Moro se levantó haciendo palanca con las manos en los brazos del sillón y acompañó a Brunetti a la puerta del apartamento.

Capítulo 15

En la calle, al ir a sacar el
telefonino,
Brunetti descubrió que no lo llevaba; se habría quedado en el despacho o en su casa, en el bolsillo de otra chaqueta. Se resistió al canto de sirena que le susurraba que sería inútil llamar a la
signora
Moro, que ella no querría hablar con él tan tarde. Se resistió, en todo caso, mientras hacía dos vanos intentos para hablar con ella desde teléfonos públicos. El primero, uno de esos nuevos teléfonos plateados de diseño aerodinámico que habían sustituido a los feos pero seguros teléfonos color naranja, se negó a aceptar su tarjeta, y el segundo frustró sus tentativas emitiendo un persistente balido mecánico en lugar de la señal para marcar. Brunetti arrancó la tarjeta de la ranura, la guardó en la cartera y, sintiéndose justificado por haberlo intentado por lo menos, decidió volver a la
questura
para lo poco que quedaba de la jornada.

El comisario viajaba de pie en la góndola que hacía el
traghetto
entre la Salute y San Marco, y sus rodillas de veneciano absorbían automáticamente el vaivén entre el golpe de remo de los
gondolieri
y el contragolpe de las olas de la marea que subía. Mientras cruzaba lentamente el Canal Grande, Brunetti descubrió la magnitud de la abulia que puede llegar a invadir a una persona: frente a él se levantaba el Palazzo Ducale, sobre el que asomaban las cúpulas refulgentes de la Basílica di San Marco, y él los miraba como si fueran el telón de fondo de una pobre representación provinciana de
Otelo.
¿Cómo había podido llegar a un estado en que semejante belleza lo dejara frío? Siguiendo la misma reflexión, acompañado por el monótono chirriar de los remos, Brunetti se preguntaba cómo podía sentarse frente a Paola y no desear pasarle las manos por los pechos, o contemplar a sus hijos sentados en el sofá haciendo algo tan estúpido como ver televisión y no sentir que se le abrasaban las entrañas de terror al pensar en los peligros que los acecharían durante toda la vida.

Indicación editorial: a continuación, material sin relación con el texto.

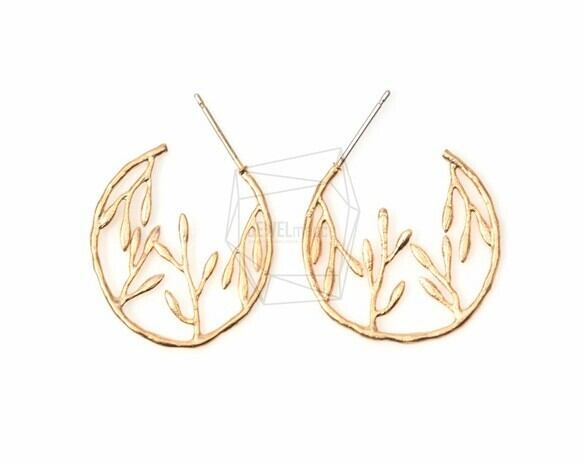ERG-078-MG/2Pcs-seaweed Ear Post/ 21mm x 27mm /Matte Gold Plated over Brass/925 sterling silver post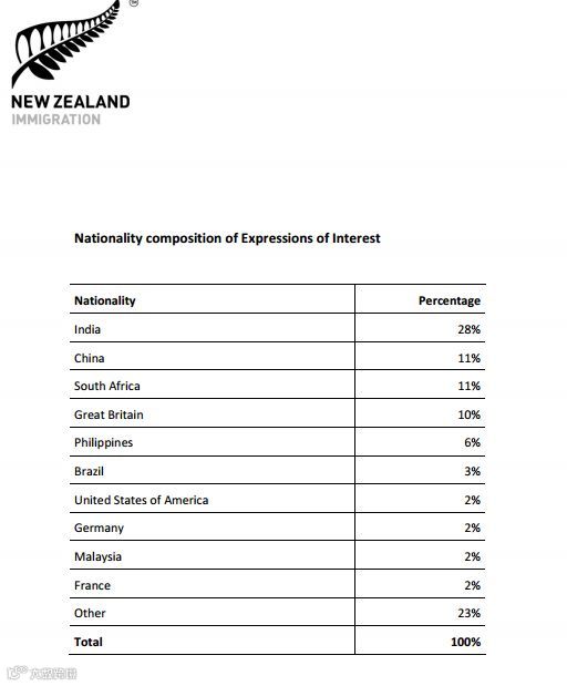 EOI递交国家排名中,中国占比是11%,依然名列第二。中国仍然是新西兰技术申请的主要来源国。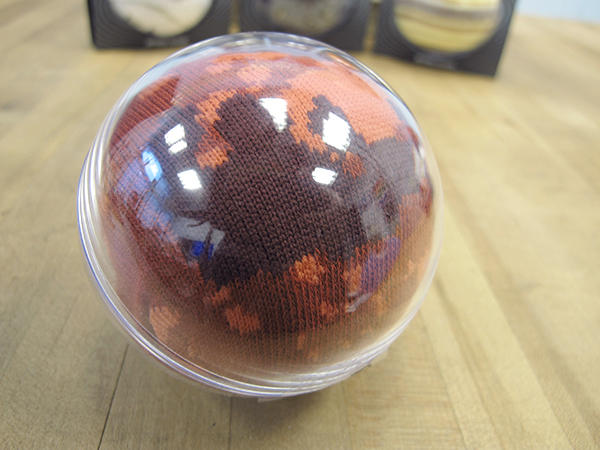 打開亮晶晶的透明球狀外殼,被包得圓圓像是章魚燒一樣的襪子就在裡面,打開襪子可以發現這內裏有加厚的毛巾底料子,比起一般裝飾性為主的薄襪子來說,更兼具功能保護性及透氣吸汗,襪底還印有小小的 25TOGO DESIGN 字樣,整體來說是一雙富有實際穿搭效果以及多功能的造型襪。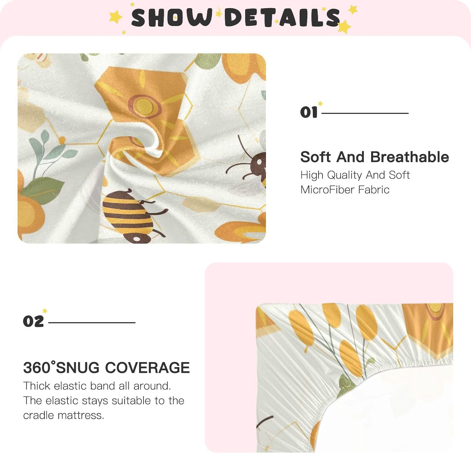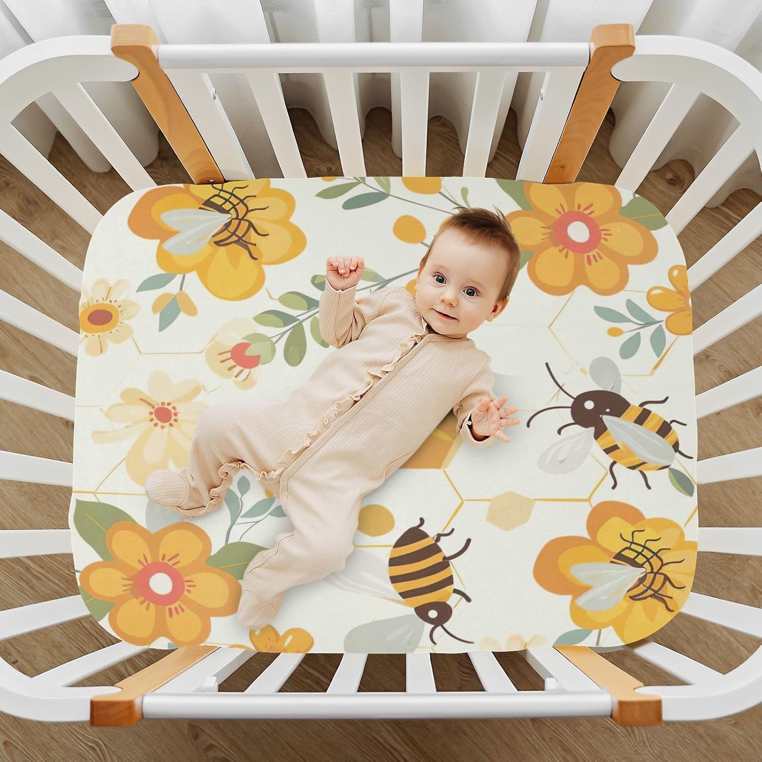 These Wajiw Bees Crib Sheets are crafted to give your baby the best sleep experience possible. With a secure elastic bandage around the edges, they fit snugly over standard and toddler mattresses, eliminating the need for additional fasteners. The ultra-soft microfiber material ensures a comfortable, gentle touch for your babyâs sensitive skin, while the breathable design helps keep the nursery cool during warmer weather. Durable and easy to care for, they are the perfect choice for any parent looking for both style and practicality.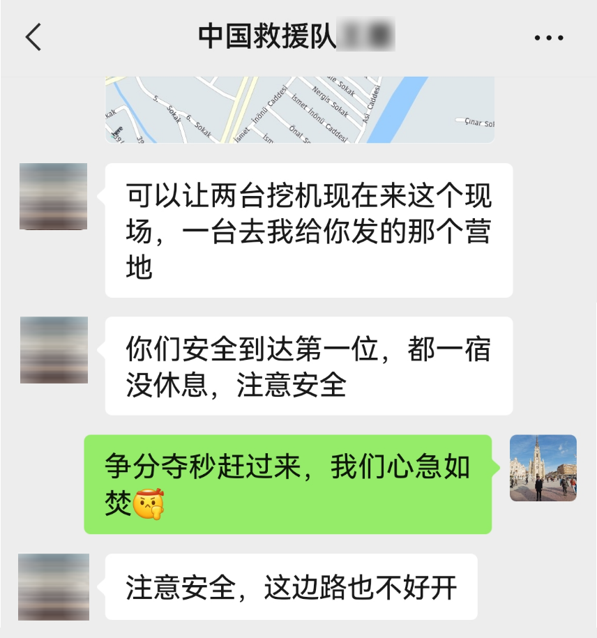奔赴灾区的路上余震不断,堵车不断。在收到中国救援队提出的设备支持请求后,三一救援队队长李彬回复道:“争分夺秒赶过来,我们心急如焚。”自2月6日地震发生后,他和三一同事们一直揪着心在赶路,基本顾不上睡觉。
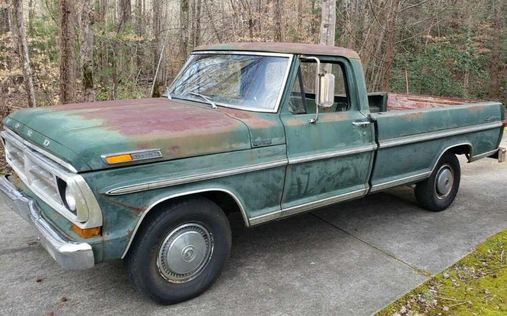 Here’s another classic 5th-generation Ford pickup, except for the fact that this one has a surprise under the hood. It is a 1971 F-100 and can be found here on eBay with a requested opening bid of $7,000. Located in Travelers Rest, South Carolina this truck may look like an old beater, but it would probably win a few races against modern trucks. Ford purists, don’t scroll down!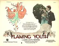 Flaming Youth is a 1923 American silent drama film directed by John Francis Dillon and starring Colleen Moore and Milton Sills, based on the novel of the same name by Samuel Hopkins Adams. Associated First National produced and distributed the film. In his retrospective essay "Echoes of the Jazz Age", writer F. Scott Fitzgerald cited Flaming Youth as the only film that captured the sexual revolution of the Jazz Age.[1] The film is now considered partially lost.[2] One 11 minute reel survives and is housed at the Library of Congress.[3][4]
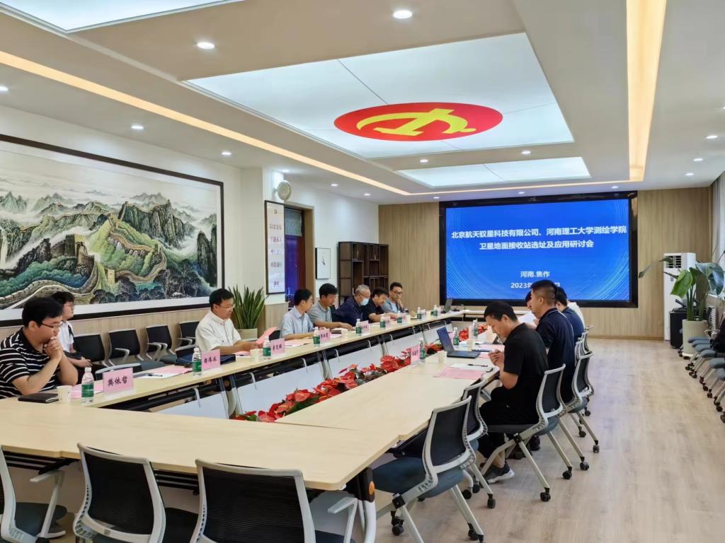 在人才培养、科学研究以及“双一流”学科创建方面取得的成绩,特别强调了“河南理工一号”卫星发射成功后,建立卫星地面接收站的重要性。北京航天驭星科技有限公司总经理徐岩针对学校需求,详细介绍了卫星地面接收站的基建工艺和选址要求。双方与会人员就卫星地面接收站的相关事宜进行了深入讨论和交流。会议结束后,双方参会人员对地面接收站选址进行了实地考察。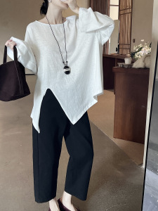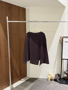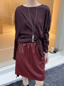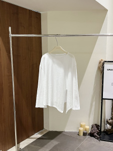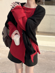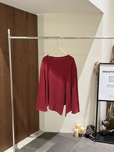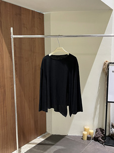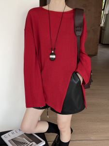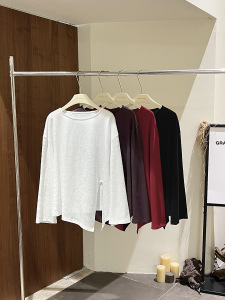 初打十三行秋季新款法式肌理感前开衩纯色两穿圆领长袖T恤女TB887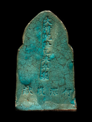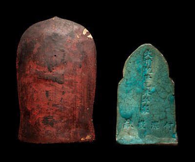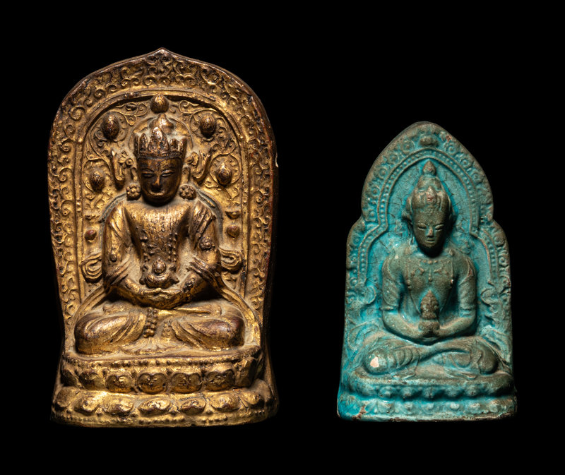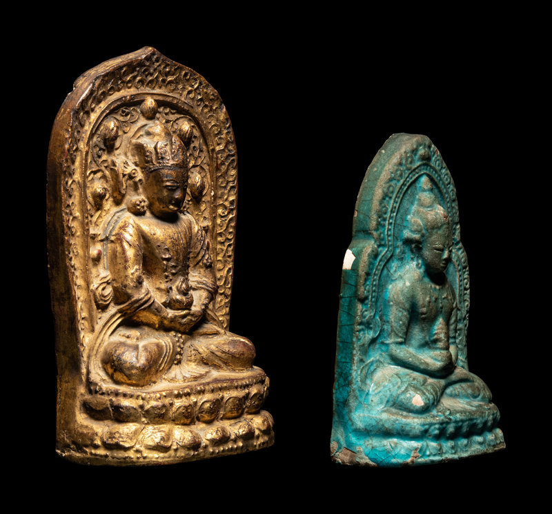 the first a gilt lacquered wood example, the second a turquoise glazed pottery example, both depicted Buddha seated on a double lotus plinth, backed by flaming mandala.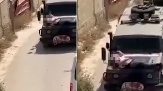 Në video shihen një palestinez i përgjakur nga Jenin i identifikuar nga banorët e atjeshëm si Mujahed Azmi, i cili ishte lidhur në veturë e cila po kalonte mes dy autoambulancave.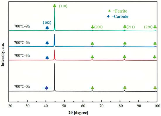 As depicted in Figure 6, the XRD spectra of Q235B steel with different holding times during spheroidizing annealing are presented. Clearly, only ferrite peaks and carbide peaks exist in the matrix, indicating that the matrix consists of these two phases. In the initial state, the XRD pattern displays distinct characteristic diffraction peaks of carbides. As the spheroidizing annealing process progresses, some lamellar carbides begin to spheroidize, leading to a certain degree of weakening in the intensity of the characteristic diffraction peaks of carbides. At this stage, the carbides are no longer sufficiently distinct to appear clearly in the XRD pattern, while the broadening of the ferrite characteristic peaks suggests either ferrite grain growth or strain accumulation at grain boundaries [41].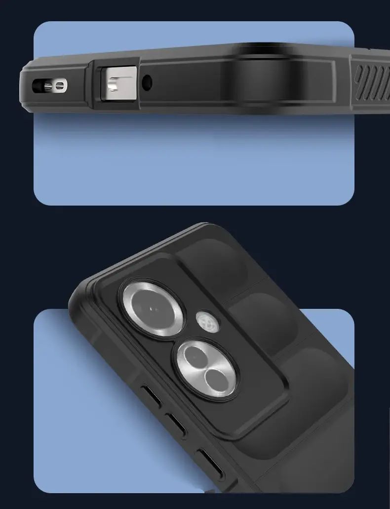 - Ima dvostopenjsko zaščito kamere. Izrezi za leče in dvignjen dizajn.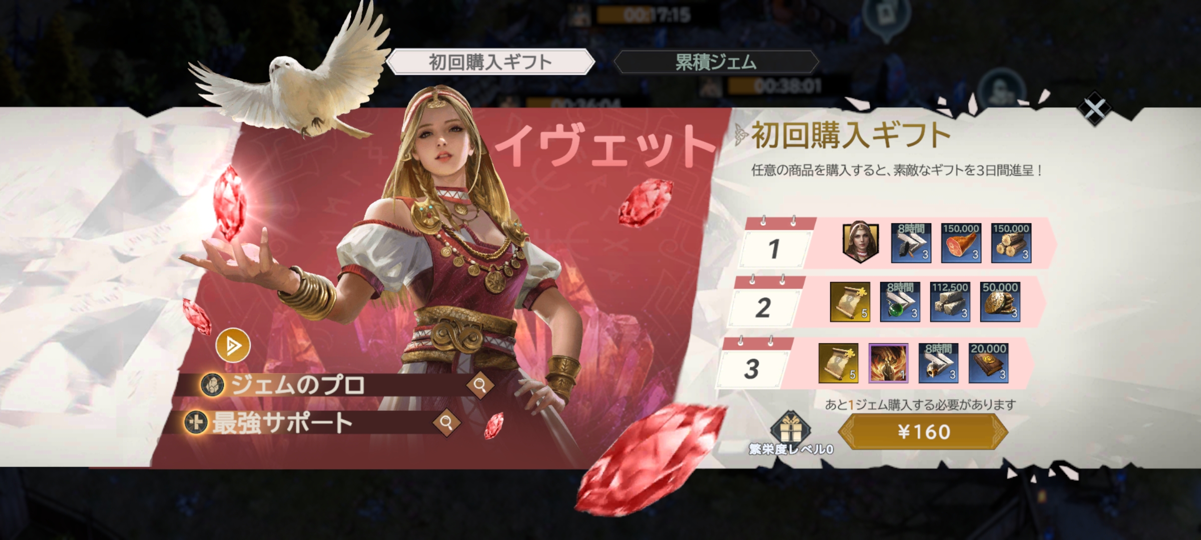 これはジェムを160円分購入しても貰えるギフトで、3日間に分けてアイテムを手に入れることができます。
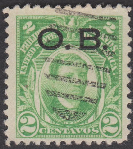 Philippinen Dienstmarke MiNr. 5 erschien am 18.05.1931, indem die Freimarke MiNr. 275 A mit einem Buchdruck-Aufdruck "O. B." versehen wurde.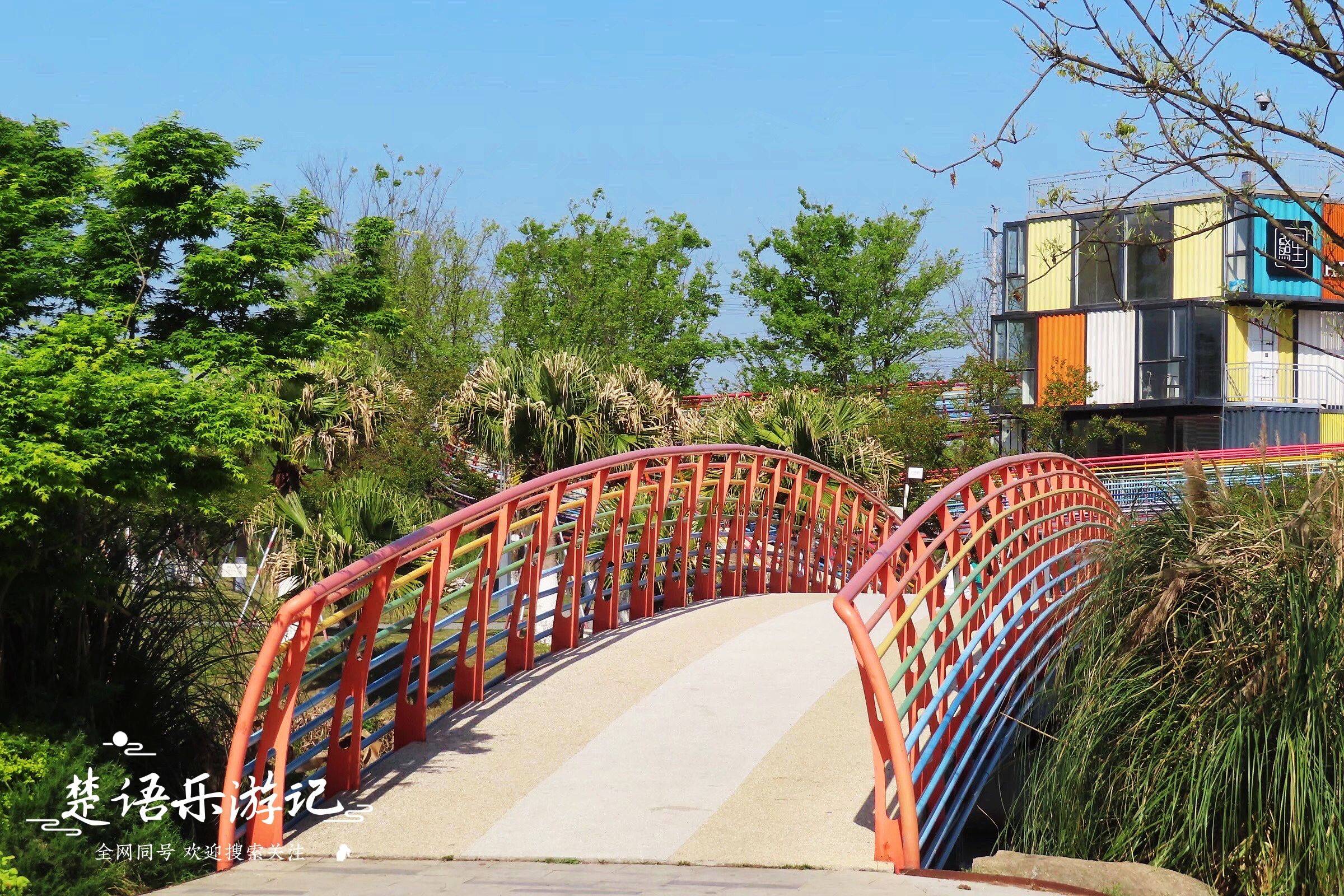 拱月桥是红塘湾的正门,桥南是河马广场,桥北是月亮郡主题商业街,左转前行可到达仙女草坪和月亮岛,过桥右转可到达铁轨花园。河边有铁轨花园,里面有樱花,樱花树下有两条斑驳的铁轨。我来这里玩的时候,碰巧遇到一个带着四个孩子从铁路线那头走来的年轻人。晨光打在他们身上,在地上投射出五个明亮的影子,就像一幅画。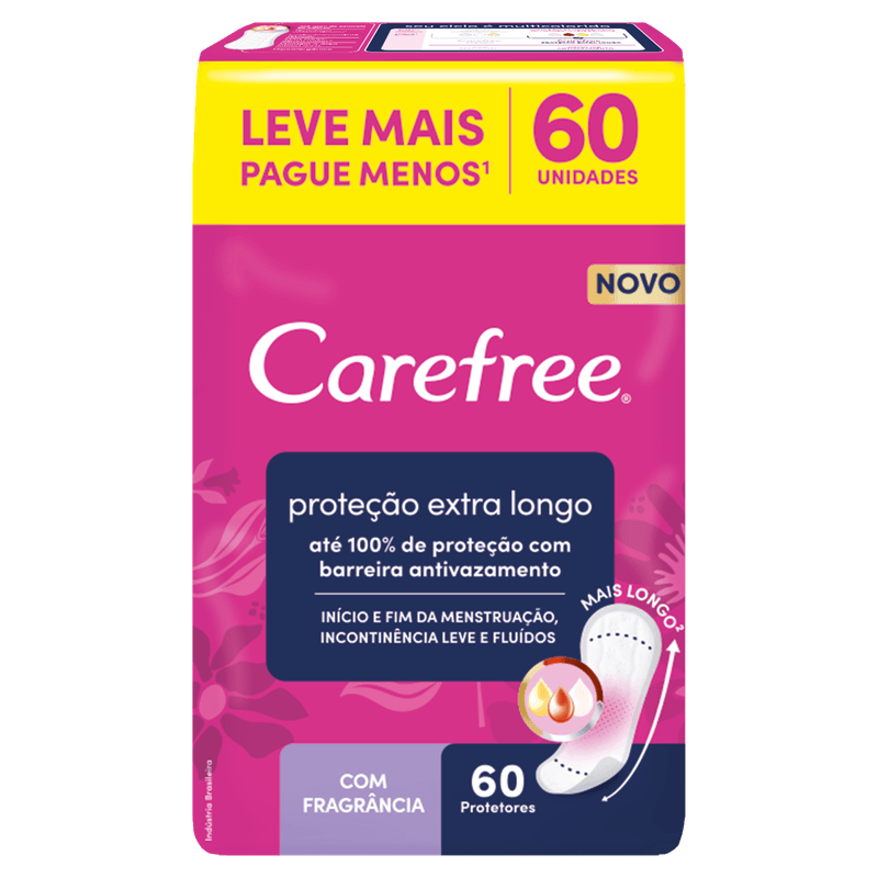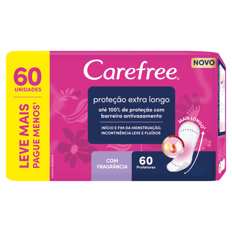 CAREFREE® Proteção Extra Longo é o protetor diário ideal para o início e o fim da menstruação, fluxos leves e casos de incontinência urinária leve. Sua barreira antivazamento garante até 100% de proteção e controle de odores, mantendo a região íntima seca e confortável ao longo do dia.
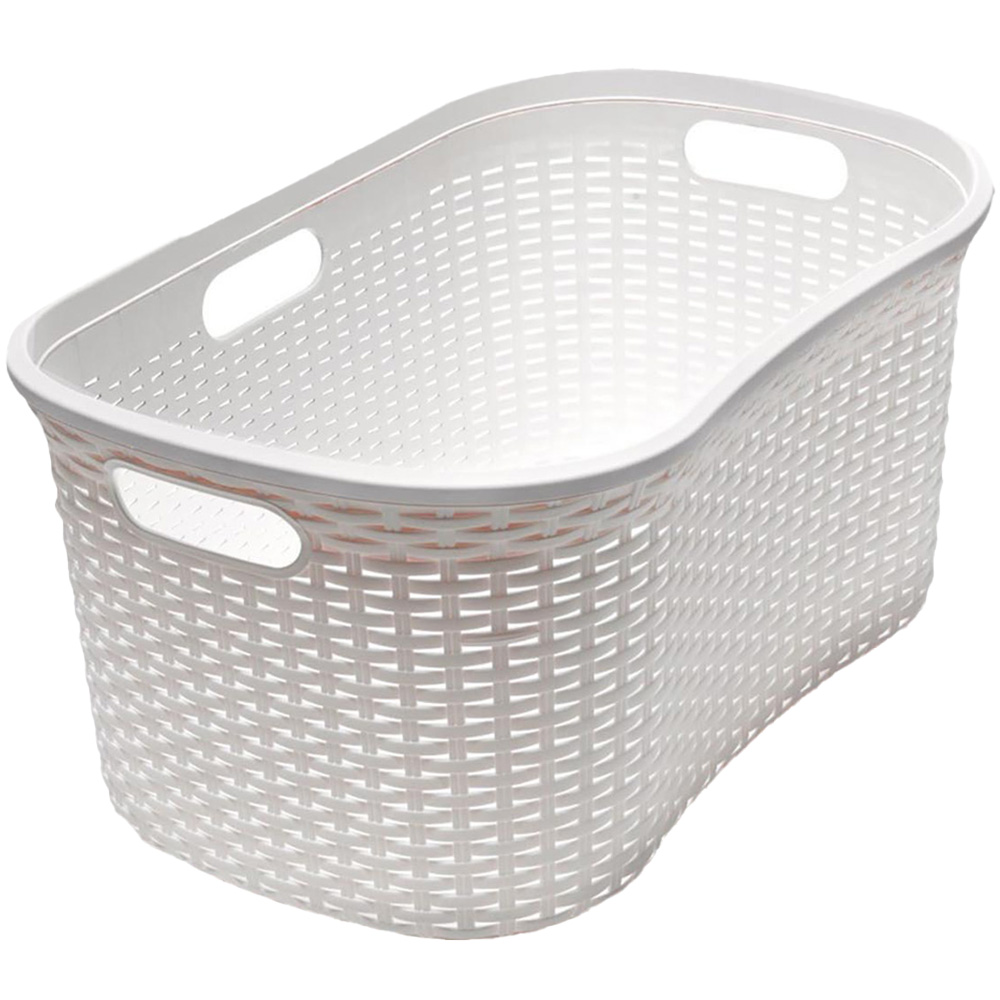 Stylish and contemporary, this Addis White Rattan Hipster Laundry Basket 40L is an asset to your utility room. In a faux rattan effect, this laundry basket is curved to sit on your hip; ideal for taking the load off transporting washing to and from the machine. The capacity of 40 litres makes this an ideal choice for larger families, and the three handles allow the basket to be easily moved around the home.

La góndola se deslizó hasta el
imbarcadero
y él saltó al muelle, conminándose a dejar esas estúpidas elucubraciones en el barco. La experiencia le había enseñado que su capacidad de asombro permanecía intacta y que volvería a despertarse, y él recuperaría aquella sensibilidad para las cosas bellas de su entorno, que casi dolía de tan viva.

Una mujer muy bella, conocida suya, había tratado de convencerle años atrás de que, en cierto aspecto, su belleza suponía una maldición, porque era lo único que interesaba a la gente, que no reparaba en las otras cualidades que ella pudiera poseer. Entonces él había rechazado la idea, que le parecía simple deseo de la mujer de que le regalaran los oídos —cosa que él no dejó de hacer—, pero ahora empezaba a comprender lo que ella había querido decir, extrapolándolo a la ciudad. En realidad, a nadie parecía importarle lo que fuera de Venecia —¿cómo explicar si no la actuación de sus últimos gobiernos?—, mientras pudieran sacar provecho de ella explotando su belleza, por lo menos, mientras lograra conservarla.

En la
questura,
Brunetti subió al despacho de la
signorina
Elettra, donde encontró a ésta leyendo
Il Gazzettino.
Ella le sonrió señalando el editorial titulado «Los norteamericanos».

—Al parecer, el presidente electo quiere levantar todas las restricciones en el uso de combustibles fósiles —dijo ella, y leyó el titular—:
«Bofetada a los ecologistas».

—Parece muy propio de él —dijo Brunetti, que no estaba interesado en continuar la discusión y se preguntaba si la
signorina
Elettra se habría convertido a las apasionadas ideas ecológicas de Vianello.

Ella miró al comisario y luego al periódico.

—Y esto:
«Venecia, condenada».

—¿Cómo? —preguntó Brunetti con extrañeza, sin adivinar a qué se refería el titular.

—Verá, si sube la temperatura, los casquetes polares se fundirán, el nivel del mar subirá, y adiós Venecia. —Parecía muy tranquila ante la perspectiva.

—Y adiós Bangladesh, podríamos añadir —dijo Brunetti.

—Desde luego. Me gustaría saber si el presidente electo ha pensado en las consecuencias.

—No creo que pensar en consecuencias esté dentro de sus aptitudes —observó Brunetti, que rehuía las discusiones políticas con los compañeros de trabajo, aunque no estaba seguro de sí debía incluir en la veda la política exterior.

—Probablemente, no. Además, todos los refugiados acabarán aquí, no allí.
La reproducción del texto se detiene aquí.